── Material for this exercise ──
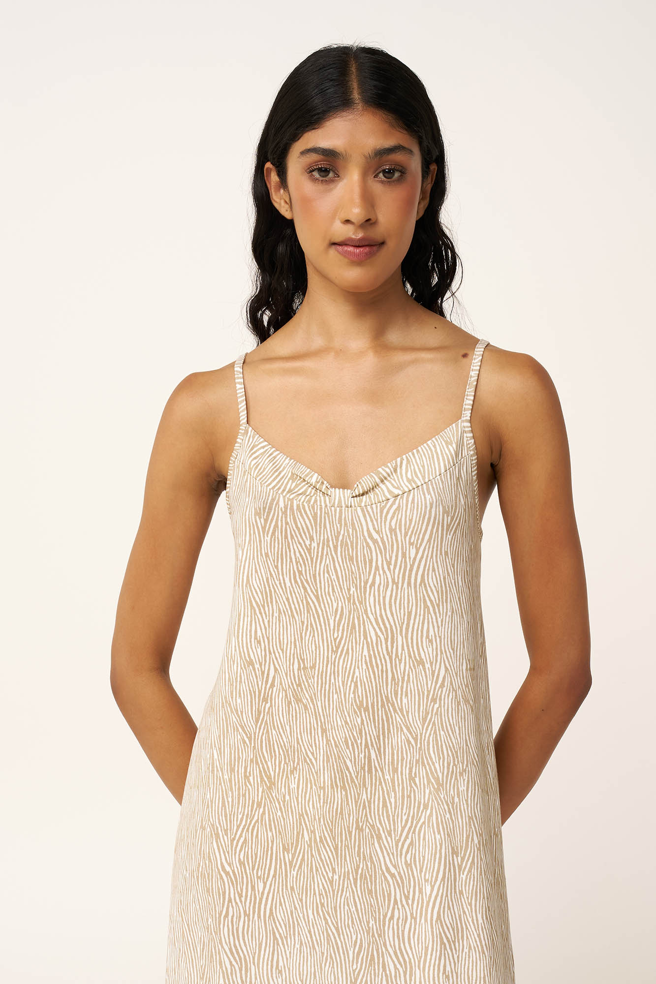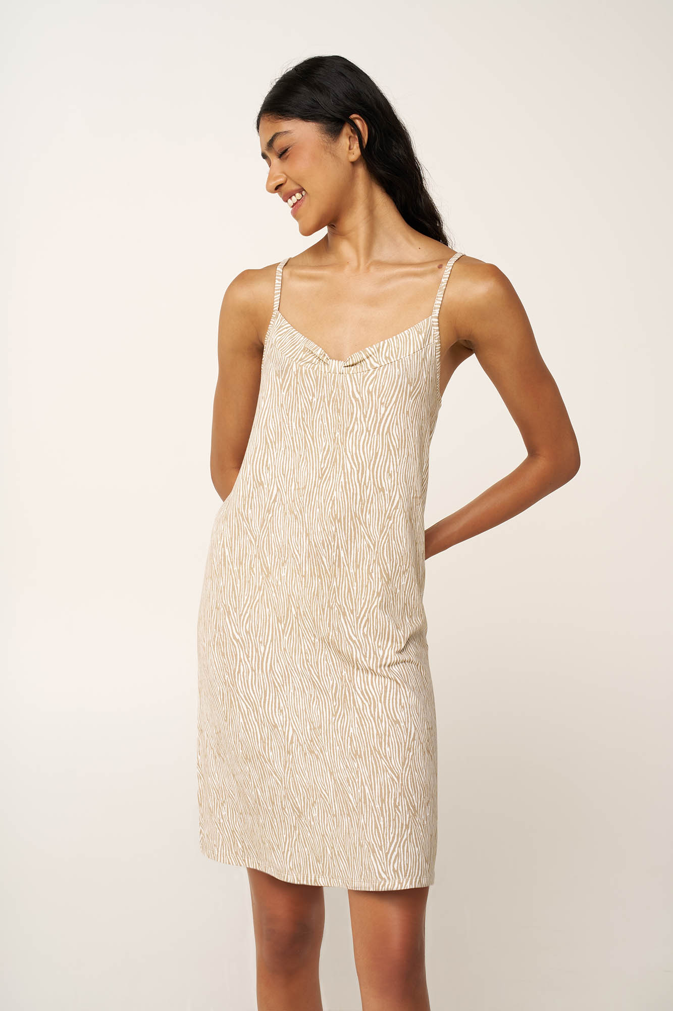 Επιλέξτε ένα καλοκαιρινό νυχτικό από εξαιρετικά απαλό LENZING Tencel Modal Micro και elastane. Το ζέβρα μοτίβο σε γήινες αποχρώσεις προσθέτει μια μοντέρνα νότα, ενώ οι λεπτές τιράντες και η χαμηλή V λαομόκοψη χαρίζει μια θηλυκή πινελιά στην εμφάνιση σας. Ανάλαφρο και διαπνέον είναι μια εύκολη επιλογή για τις ζεστές καλοκαιρινές νύχτες.
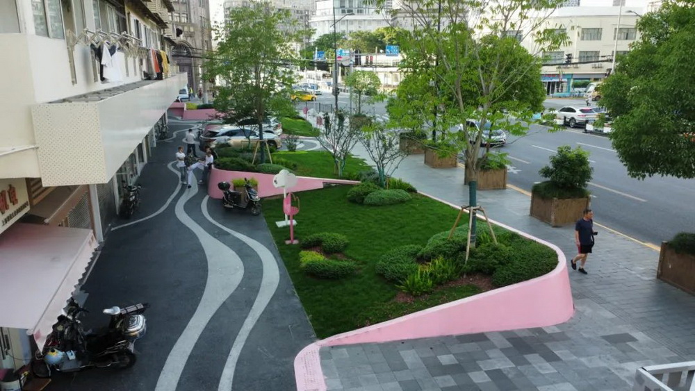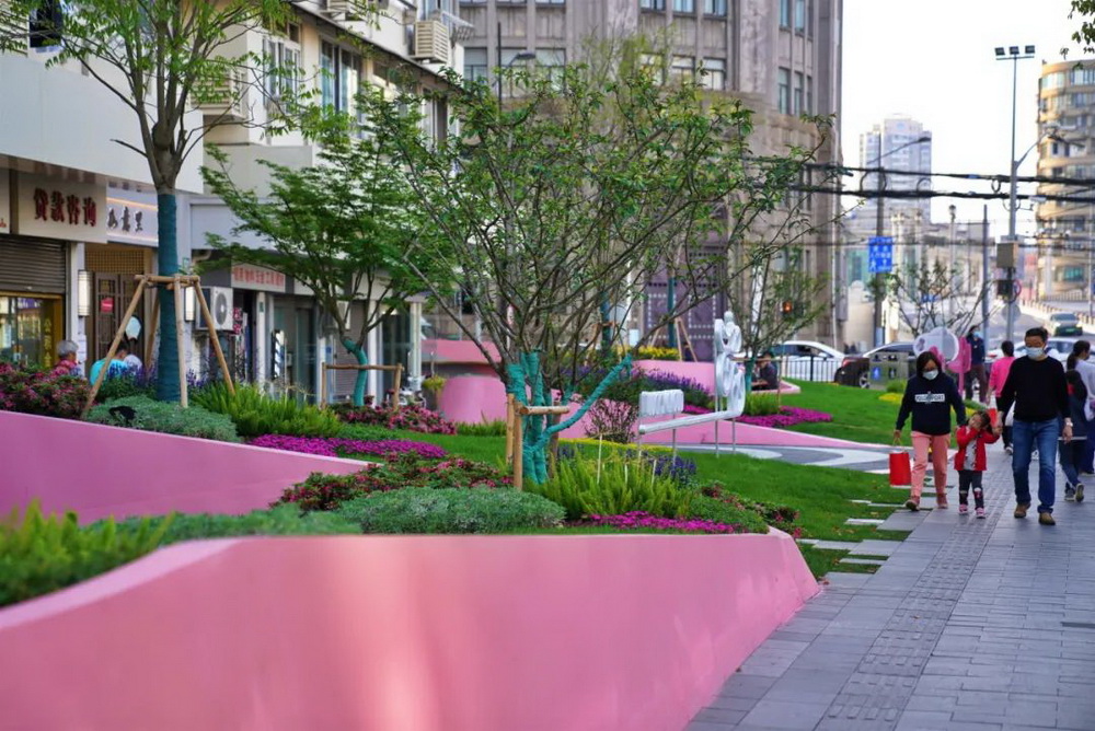▲云之丘花園的“粉”裝快閃(圖片源自:外灘街道辦事處)
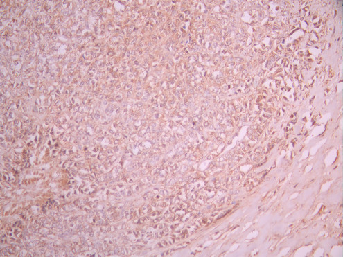 IHC image of CSB-RA131536A0HU diluted at 1:100 and staining in paraffin-embedded human breast cancer performed on a Leica BondTM system. After dewaxing and hydration, antigen retrieval was mediated by high pressure in a citrate buffer (pH 6.0). Section was blocked with 10% normal goat serum 30min at RT. Then primary antibody (1% BSA) was incubated at 4°C overnight. The primary is detected by a Goat anti-rabbit polymer IgG labeled by HRP and visualized using 0.05% DAB.
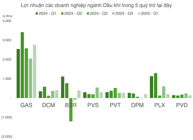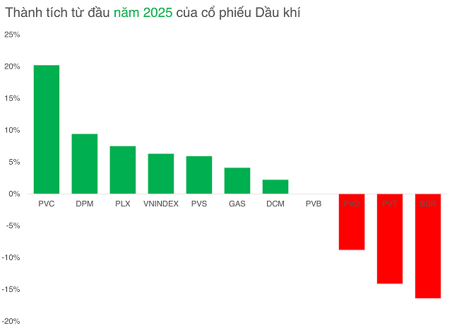 Sức bật đã được ghi nhận nhưng thực tế thành tích của nhóm vẫn bị triệt tiêu đáng kể do cú sốc thuế quan trong tháng 4. So với thành tích của chỉ số VN-Index (+6,3%) từ đầu năm 2025, các cổ phiếu PVS (+5,9%), GAS (+4,1%), DCM (+2,2%) đi sau về thành tích tăng trưởng trong khi PVD (-8,8%), PVT (-14,1%), BSR (-16,4%) còn đang đi lùi so với đầu năm.
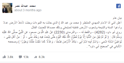 وأثار “الشيخ ميزو” جدلًا واسعًا في الشارع المصري وعبر مواقع التواصل الاجتماعي عندما ادعى أنه “المهدي المنتظر”؛ حيث أعلن في وقت سابق عبر صفحته على موقع التواصل الاجتماعي “فيس بوك” قائلًا: “بيان هام، أعلن أنني أنا الإمام المهدي المنتظر (محمد بن عبدالله) الذي جاءت به النبوءات، وجئت لأملأ الأرض عدلًا وأدعو شعوب الأرض قاطبة لمبايعتي”.
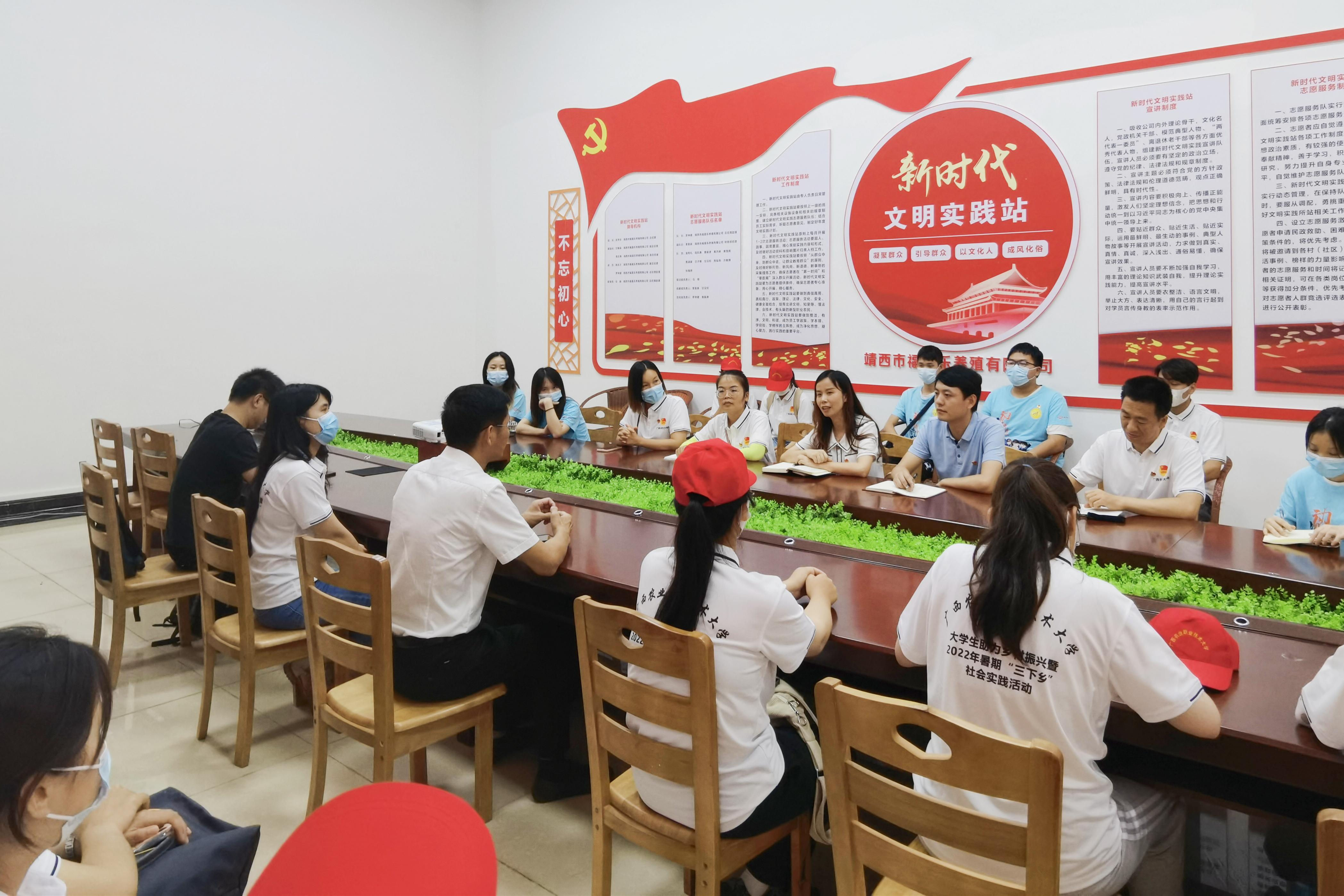 之后,实践团师生与靖西市禄峒镇思侯村、大史村、必隆村及小瑞村的驻村第一书记在禄峒镇人民政府会议室举行了座谈会。4名驻村第一书记分别结合各自的工作经历,逐一介绍了所在村屯的特色农业发展项目现状和促进乡村振兴具体措施,并分享交流了他们在农村基层的工作思路和心得体会。
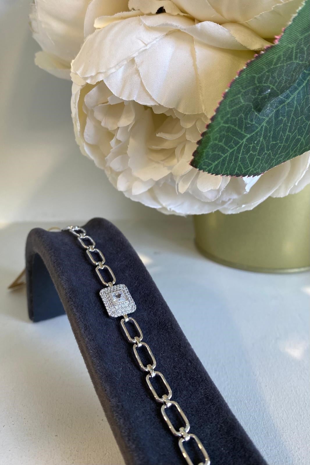 ORTASI BAGET TOPLU KARE ZİNCİR BİLEZİK
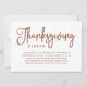 Invitez vos amis et votre famille au dîner de Thanksgiving avec ces invitations élégantes ! Un fond blanc présente une typographie manuscrite moderne riche et marron. Le verso de l'invitation de Thanksgiving présente un beau motif de feuilles d'automne.
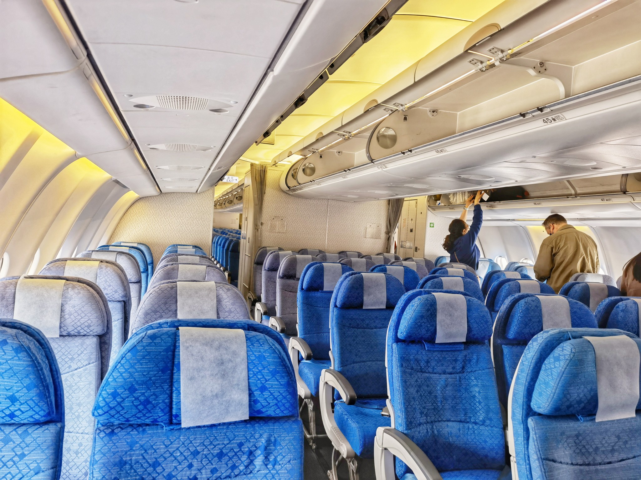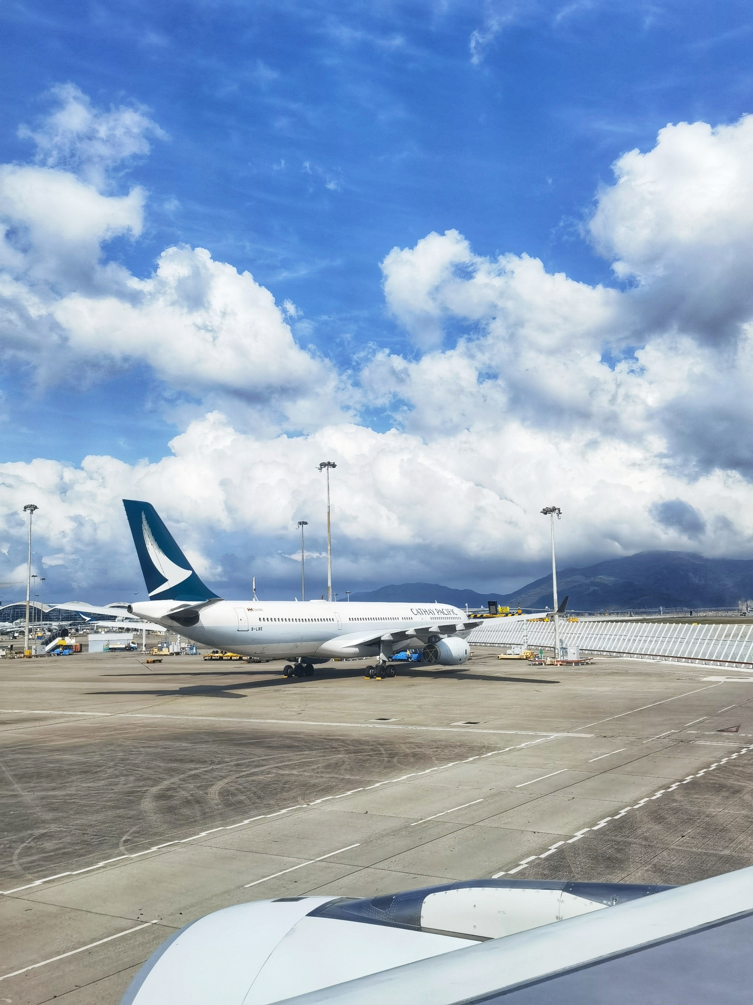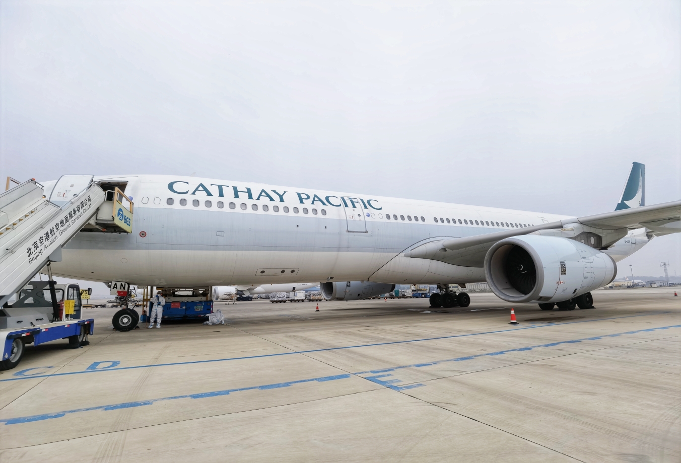 从摆渡车上下来,国泰的航班就在眼前,竟然是一架空客330,可实际上整架航班的乘客还不到80人,用一架大飞机来运送乘客莫非还兼了货运的任务?
───
**What is expected**
Output the listing above exactly, excluding all pictures.

**Answer below**
 Επιλέξτε ένα καλοκαιρινό νυχτικό από εξαιρετικά απαλό LENZING Tencel Modal Micro και elastane. Το ζέβρα μοτίβο σε γήινες αποχρώσεις προσθέτει μια μοντέρνα νότα, ενώ οι λεπτές τιράντες και η χαμηλή V λαομόκοψη χαρίζει μια θηλυκή πινελιά στην εμφάνιση σας. Ανάλαφρο και διαπνέον είναι μια εύκολη επιλογή για τις ζεστές καλοκαιρινές νύχτες.
▲云之丘花園的“粉”裝快閃(圖片源自:外灘街道辦事處)
 IHC image of CSB-RA131536A0HU diluted at 1:100 and staining in paraffin-embedded human breast cancer performed on a Leica BondTM system. After dewaxing and hydration, antigen retrieval was mediated by high pressure in a citrate buffer (pH 6.0). Section was blocked with 10% normal goat serum 30min at RT. Then primary antibody (1% BSA) was incubated at 4°C overnight. The primary is detected by a Goat anti-rabbit polymer IgG labeled by HRP and visualized using 0.05% DAB.
 Sức bật đã được ghi nhận nhưng thực tế thành tích của nhóm vẫn bị triệt tiêu đáng kể do cú sốc thuế quan trong tháng 4. So với thành tích của chỉ số VN-Index (+6,3%) từ đầu năm 2025, các cổ phiếu PVS (+5,9%), GAS (+4,1%), DCM (+2,2%) đi sau về thành tích tăng trưởng trong khi PVD (-8,8%), PVT (-14,1%), BSR (-16,4%) còn đang đi lùi so với đầu năm.
 وأثار “الشيخ ميزو” جدلًا واسعًا في الشارع المصري وعبر مواقع التواصل الاجتماعي عندما ادعى أنه “المهدي المنتظر”؛ حيث أعلن في وقت سابق عبر صفحته على موقع التواصل الاجتماعي “فيس بوك” قائلًا: “بيان هام، أعلن أنني أنا الإمام المهدي المنتظر (محمد بن عبدالله) الذي جاءت به النبوءات، وجئت لأملأ الأرض عدلًا وأدعو شعوب الأرض قاطبة لمبايعتي”.
 之后,实践团师生与靖西市禄峒镇思侯村、大史村、必隆村及小瑞村的驻村第一书记在禄峒镇人民政府会议室举行了座谈会。4名驻村第一书记分别结合各自的工作经历,逐一介绍了所在村屯的特色农业发展项目现状和促进乡村振兴具体措施,并分享交流了他们在农村基层的工作思路和心得体会。
 ORTASI BAGET TOPLU KARE ZİNCİR BİLEZİK
 Invitez vos amis et votre famille au dîner de Thanksgiving avec ces invitations élégantes ! Un fond blanc présente une typographie manuscrite moderne riche et marron. Le verso de l'invitation de Thanksgiving présente un beau motif de feuilles d'automne.
 从摆渡车上下来,国泰的航班就在眼前,竟然是一架空客330,可实际上整架航班的乘客还不到80人,用一架大飞机来运送乘客莫非还兼了货运的任务?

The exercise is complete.